'Plaza Suite' review — Sarah Jessica Parker and Matthew Broderick shine in this well-aged comedy
Two years after its original planned run, the new Broadway production of Neil Simon's Plaza Suite, led by Matthew Broderick and Sarah Jessica Parker, is finally in residence at the Hudson Theatre. Happily, it was worth the wait. The show packs moments that are gleefully LOL, is deeper than you might expect, and the real-life married stars co-piloting this vintage vehicle are in fine form.
A 1968 Best Play Tony Award nominee, the show consists of three one-acts about marriage. Each playlet, set in the late '60s, concerns a different couple occupying room 719 of New York's luxurious Plaza Hotel. Sam and Karen Nash, suburban spouses revisiting where they honeymooned two decades earlier, are up first. Jesse Kiplinger, a hotshot Hollywood producer and multiple divorcé, reunites with Muriel Tate, his now-married ex-girlfriend, in Act 2. In the third part, Roy and Norma Hubley deal with their daughter's cold feet about tying the knot.

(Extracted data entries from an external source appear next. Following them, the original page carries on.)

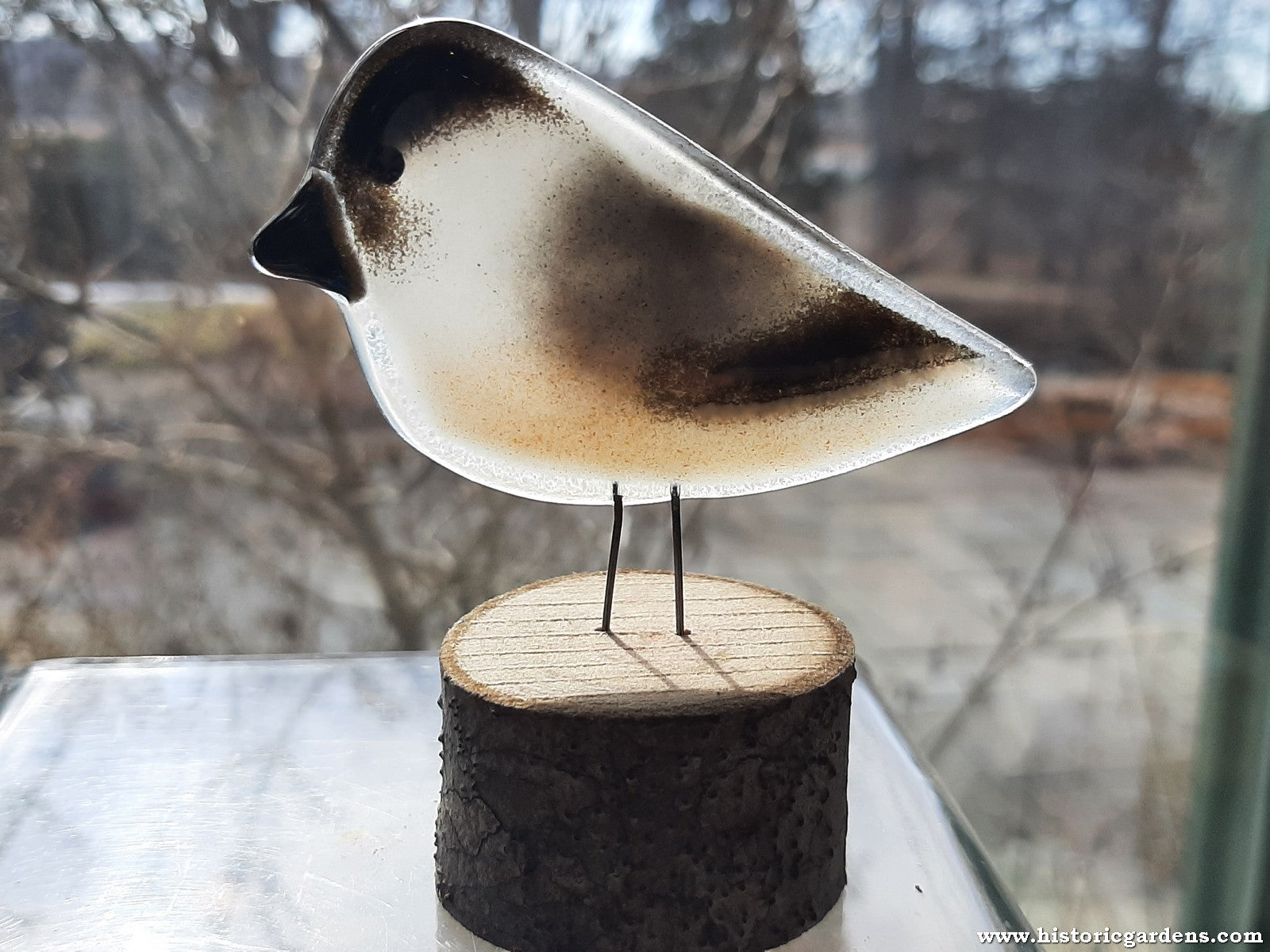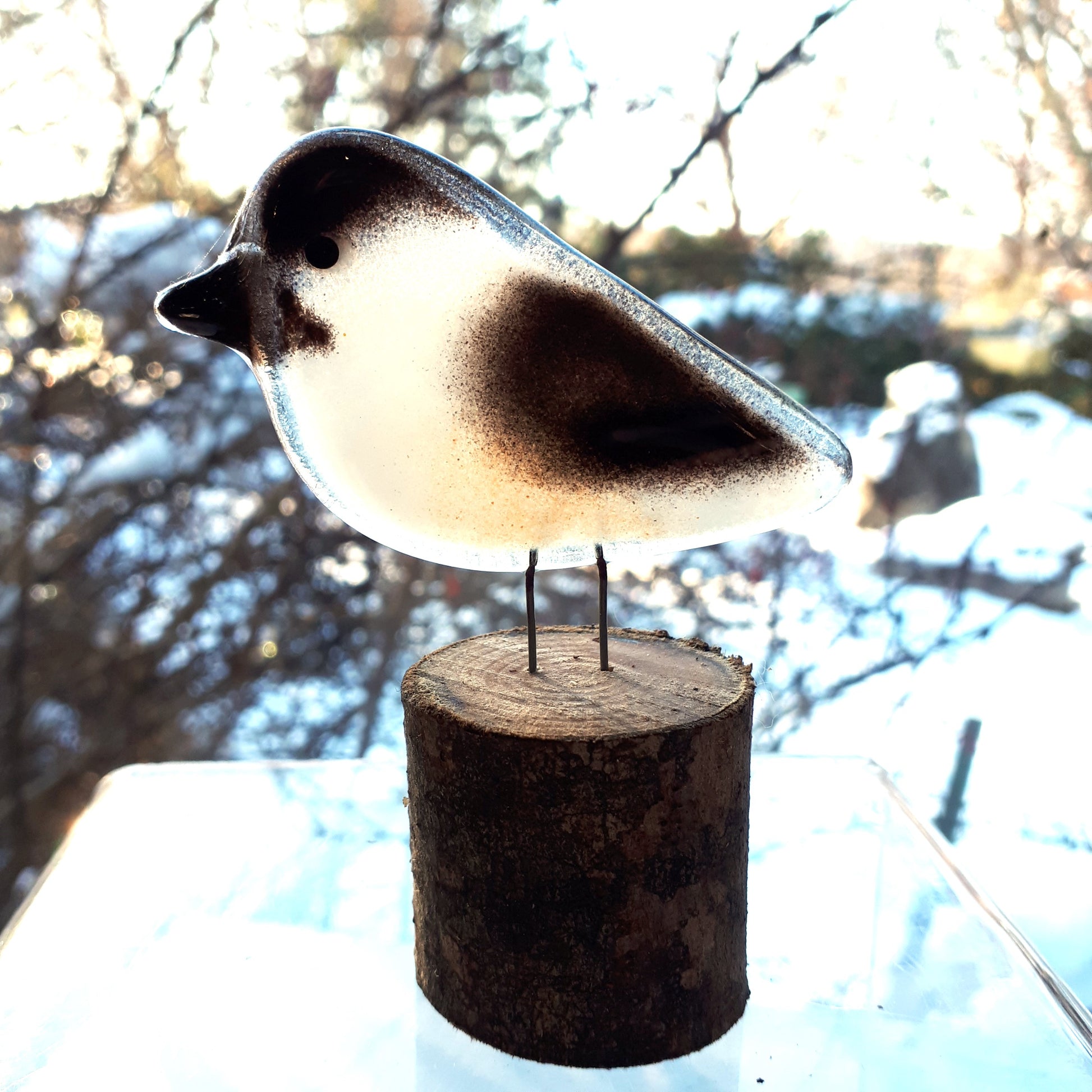 These beautiful, fused glass birds are made in Nova Scotia by The Glass Bakery. Each bird is a unique piece of art. The shape of the bird is first cut in clear glass. Layers of powdered coloured glass are then applied between the clear layers. Each piece is kiln baked, fused at ultra high temperatures then carefully cooled for resilience. The birds stand on natural wood pieces. No paints, glazes or moulds are used. No two birds are the same.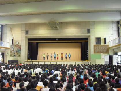 今日の集会では、来週から始まる水泳指導に向けて、心構えや約束を確かめるために「プール開き集会」が行われました。体育委員会のみなさんが、楽しい寸劇を交えて分かりやすく発表してくれました。いよいよ来週から始まる水泳指導に向けて、よい準備ができることでしょう。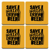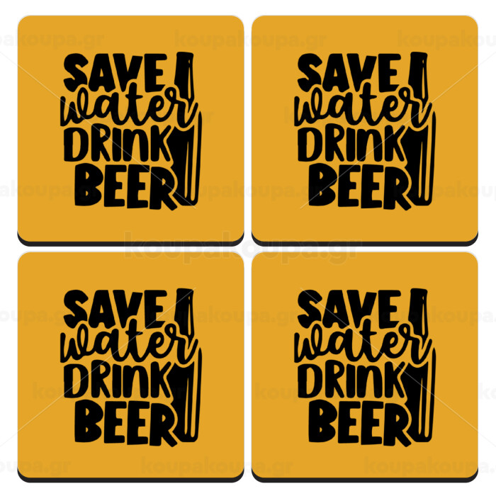 Save Water, Drink BEER, ΣΕΤ 4 Σουβέρ ξύλινα τετράγωνα (9cm)

Simon, who died in 2018, is an award-winning king of comedy whose characters come with complex emotions. Besides landing laughs with his zingers and sight gags involving shoes, telephones, eye droppers, and freak thunderstorms, Simon tapped the heart with situations and issues that matter to actual people. As Plaza Suite progresses from one act to the next, the mood shifts from seriousness to pure sitcom silliness. Tone-setting music by Marc Shaiman (Hairspray) precedes each part like a melodic amuse bouche.
Parker, an actress with stage roots (Annie, Sylvia), a rich movie resume, and icon status thanks to Sex and the City, is typically at her best when her characters are most at sea. She shines especially bright as the anxious Karen, who's reckoning with the reality of her marriage. As Muriel, a middle-aged woman obsessed with Tinseltown and loopy from vodka stingers, Parker lets her flirty, flighty side fly. Her antics as Norma recall I Love Lucy — and that's a compliment.
Broderick's link to Simon reaches back to Brighton Beach Memoirs, his 1983 Tony-winning Broadway debut. The actor's signature deadpan and sometimes whiny delivery works like a charm as the buttoned-up, age-conscious Sam. Broderick cranks up the goofy as the awkwardly seductive Jesse, and his go-for-broke strategy in playing the frantic father of the bride is big fun. After trying — and failing — to bust down a door, Roy's meek cry for help is hilarious.
In his Broadway debut as a director, Tony-winning actor John Benjamin Hickey (The Normal Heart) displays a deft hand and sure instincts. He keeps the pacing brisk, while his smart tweak to the end of Act 2 is a playful and up-to-date improvement to the original script.
Strong work by the cast, which includes Danny Bolero, Molly Ranson, and Eric Wiegand (Cesar J. Rosado covered his part at my performance), is matched by the production team. John Lee Beatty's set summons a hotel room that reeks floor-to-ceiling chic, while Jane Greenwood's Pucci- and Gucci-infused costumes fit the period. Brian MacDevitt lends evocative lighting, Scott Lehrer's sound design lets punchlines squarely land, and Tom Watson's wigs spark a chuckle or two on their own.
Amid many memorable lines, one by Karen Nash that comes about two minutes into the show has been playing on a loop in my head. "Old is no good anymore," she says. Sorry, Karen, you're wrong. This 54-year-old comedy may be no spring chicken, but it's good enough to be one of Broadway's biggest events of the season.